At yesterday’s hearing, Levin’s bill drew strong support from witnesses, including Nada Culver, the Bureau of Land Management’s deputy director of policy and programs and its acting director.
"This legislation aligns with the administration’s goal of promoting renewable energy development, and we support it," Culver said.
Though Culver only mentioned Levin’s bill, his and Gosar’s bills are word-for-word identical pieces of legislation.
Both would require the Interior secretary, in coordination with the secretary of Energy, to identify, evaluate and "establish priority areas" where geothermal, solar and wind energy projects should be located. Applications for renewable energy projects in these areas would be "given the highest priority for incentivizing development thereon," according to the bill text.

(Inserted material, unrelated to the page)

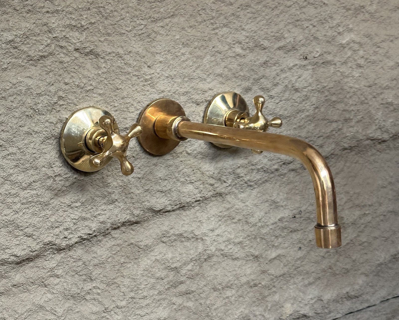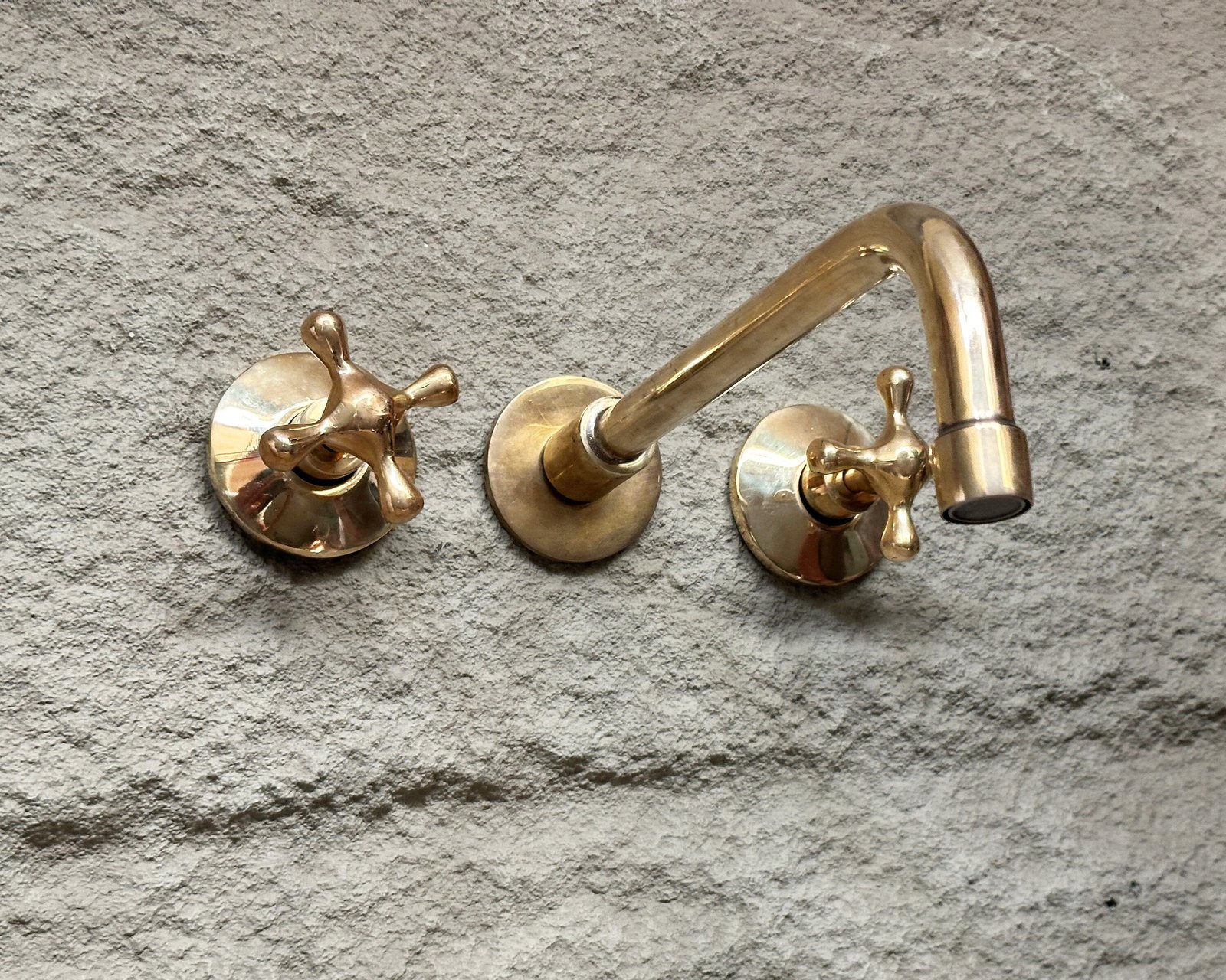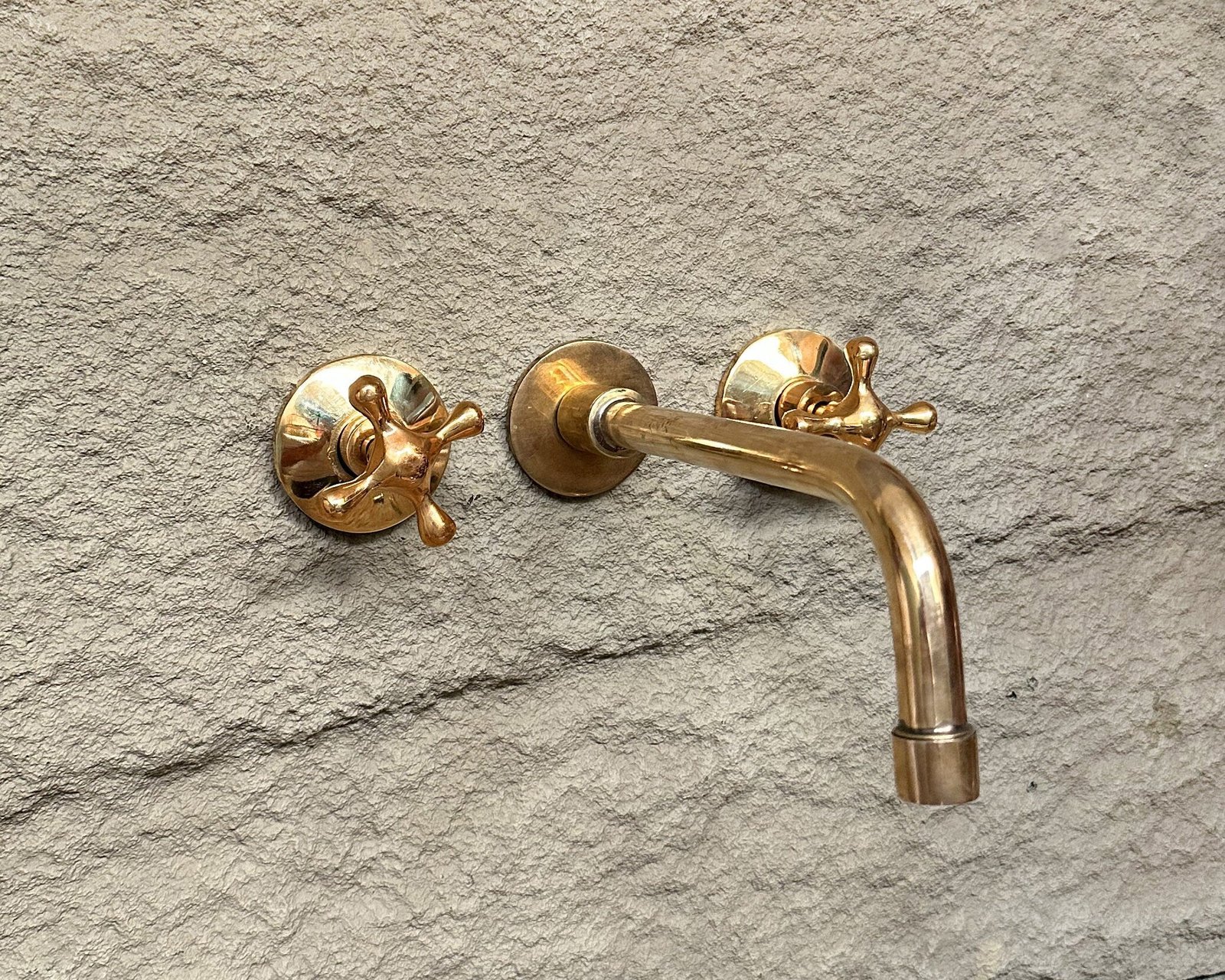 Handcrafted Unlacquered Brass wall mount bathroom faucet made from pure solid brass

The bills would also establish a revenue-sharing plan, beginning Jan. 1, 2022, for the disbursement of all "bonus bids, rentals, fees, or other payments under a right-of-way, permit, lease, or other authorization" for wind and solar projects on federal land.
The revenue-sharing plan would dictate that 25% of revenues go to the state in which the project is located; 25% to "one or more counties" where the project is sited; and 25% to federal and state agencies "to facilitate the processing of renewable energy permits on Federal land."
The final 25% would go to a Renewable Energy Resource Conservation Fund administered by the Interior secretary, which the bill would establish.
This fund would allocate money to federal, state, local and tribal agencies where renewable energy projects are located on federal lands, and could only be used for projects and activities that "restore and protect" fish and wildlife habitat, wildlife corridors, wetlands, streams, and rivers affected by the renewable energy projects.
Levin’s bill drew support from several witnesses, including Kate Miller, government affairs director at Trout Unlimited, and Paul Thomsen, vice president of business development at Ormat Technologies Inc., a geothermal project developer.
Both Trout Unlimited and Ormat Technologies were listed as endorsing the Levin measure in a press release from the lawmaker’s office last week that announced the reintroduction of the bill.
"Trout Unlimited strongly supports this legislation," Miller said.
Ormat Technologies is a major geothermal project developer on federal lands. Thomsen said that Ormat is developing geothermal projects on about 100,000 acres of BLM lands.
"We applaud the reintroduction of H.R. 3326 because it will establish these priority areas you’ve heard about today," Thomsen said. "These preferred locations, prioritizing permit applications for priority review, [are] critical."
He added, "We are excited to support H.R. 3326."